WHAT IS BEING ASKED =>
Copy the listing below exactly, but skip the pictures.

INPUT DATA =>
+++

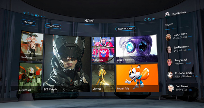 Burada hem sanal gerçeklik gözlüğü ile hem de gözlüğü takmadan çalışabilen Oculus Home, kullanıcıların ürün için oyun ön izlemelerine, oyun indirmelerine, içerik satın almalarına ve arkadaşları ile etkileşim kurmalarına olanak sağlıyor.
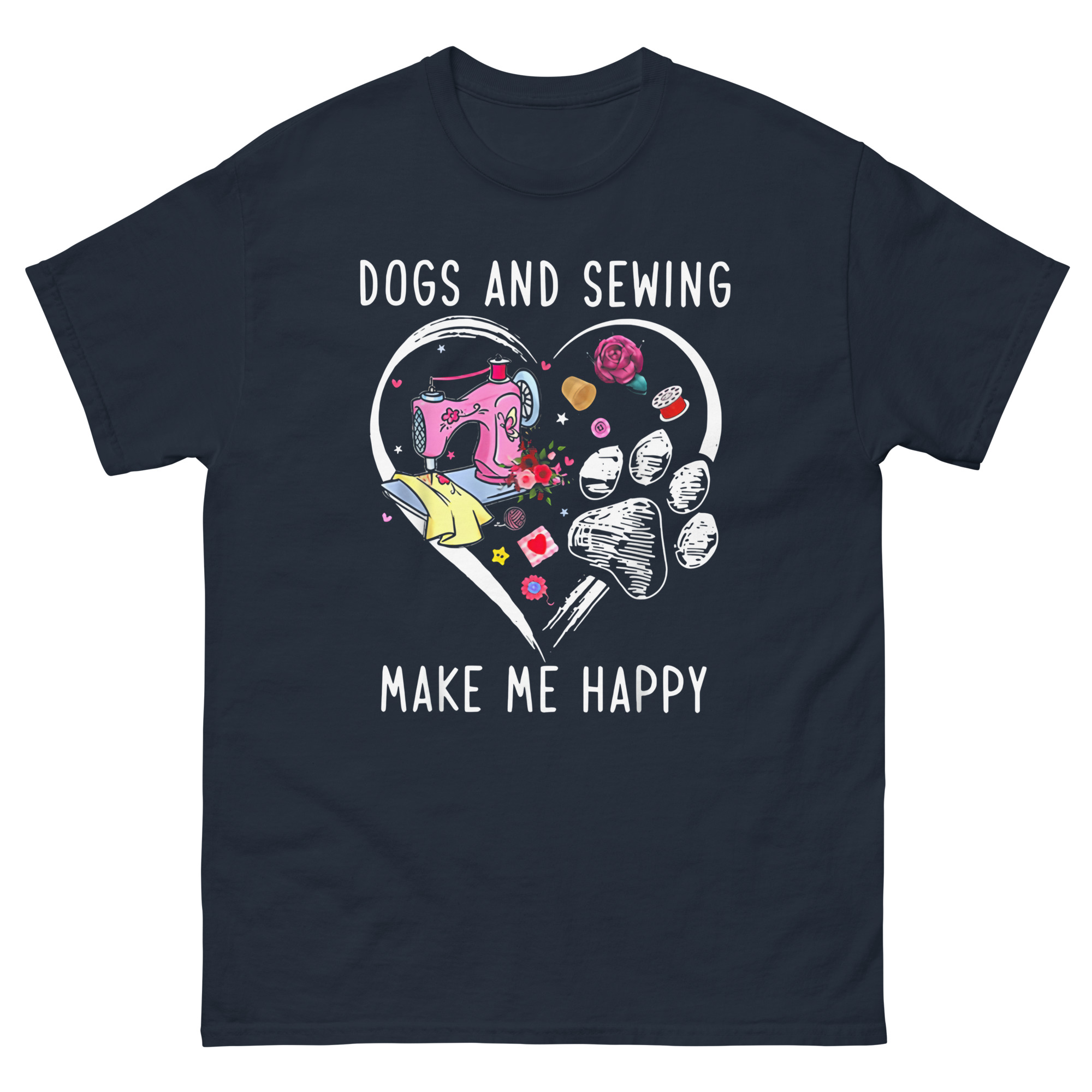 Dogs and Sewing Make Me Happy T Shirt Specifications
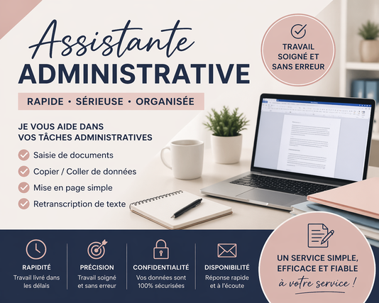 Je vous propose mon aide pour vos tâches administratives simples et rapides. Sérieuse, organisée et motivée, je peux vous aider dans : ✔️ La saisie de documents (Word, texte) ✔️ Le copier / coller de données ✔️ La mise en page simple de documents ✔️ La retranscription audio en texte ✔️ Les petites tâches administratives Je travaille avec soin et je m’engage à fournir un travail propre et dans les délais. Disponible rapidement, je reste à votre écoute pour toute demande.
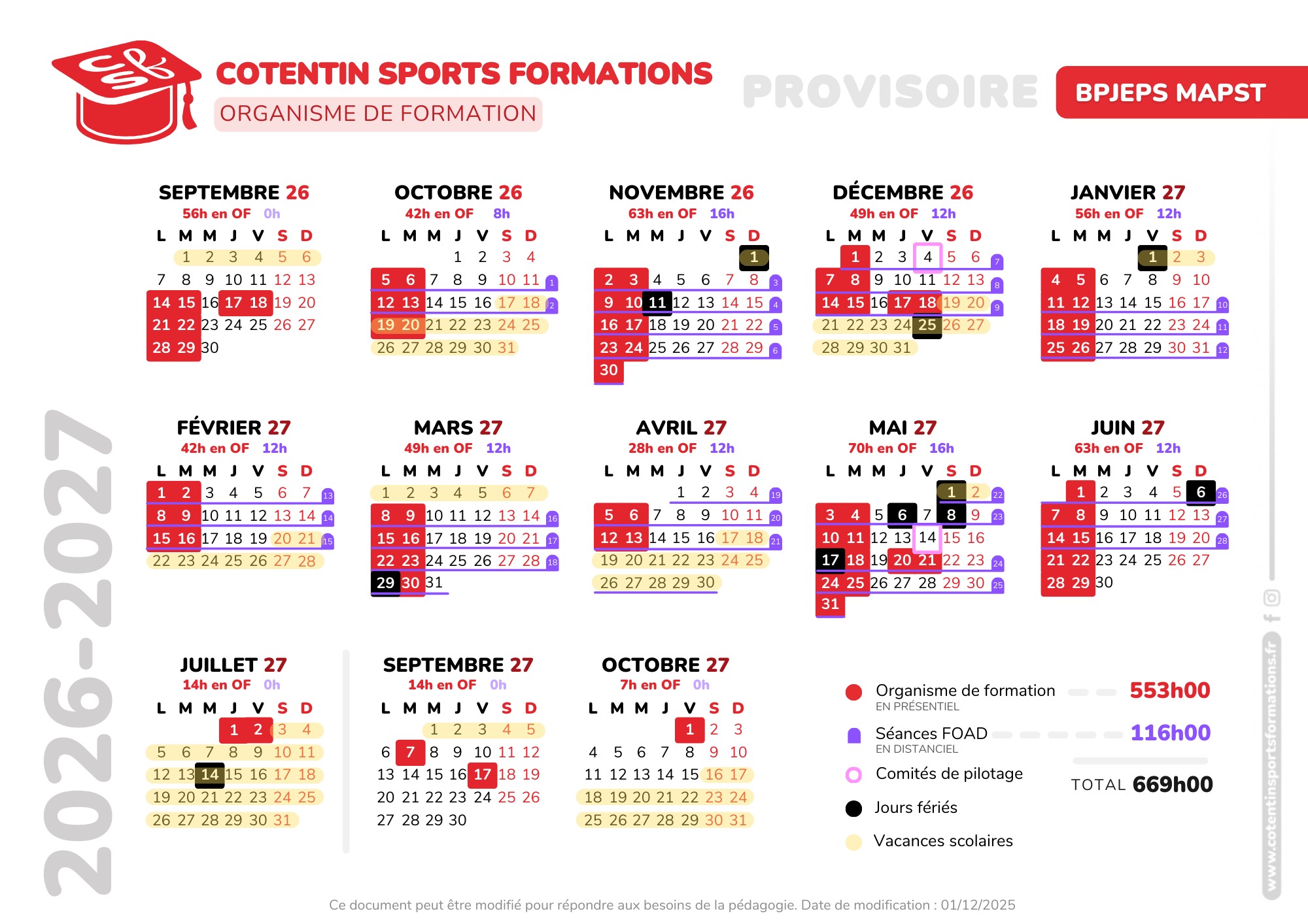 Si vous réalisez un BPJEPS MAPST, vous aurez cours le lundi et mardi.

+++

SOLUTION TO THIS EXERCISE =>
 Burada hem sanal gerçeklik gözlüğü ile hem de gözlüğü takmadan çalışabilen Oculus Home, kullanıcıların ürün için oyun ön izlemelerine, oyun indirmelerine, içerik satın almalarına ve arkadaşları ile etkileşim kurmalarına olanak sağlıyor.
 Dogs and Sewing Make Me Happy T Shirt Specifications
 Je vous propose mon aide pour vos tâches administratives simples et rapides. Sérieuse, organisée et motivée, je peux vous aider dans : ✔️ La saisie de documents (Word, texte) ✔️ Le copier / coller de données ✔️ La mise en page simple de documents ✔️ La retranscription audio en texte ✔️ Les petites tâches administratives Je travaille avec soin et je m’engage à fournir un travail propre et dans les délais. Disponible rapidement, je reste à votre écoute pour toute demande.
 Si vous réalisez un BPJEPS MAPST, vous aurez cours le lundi et mardi.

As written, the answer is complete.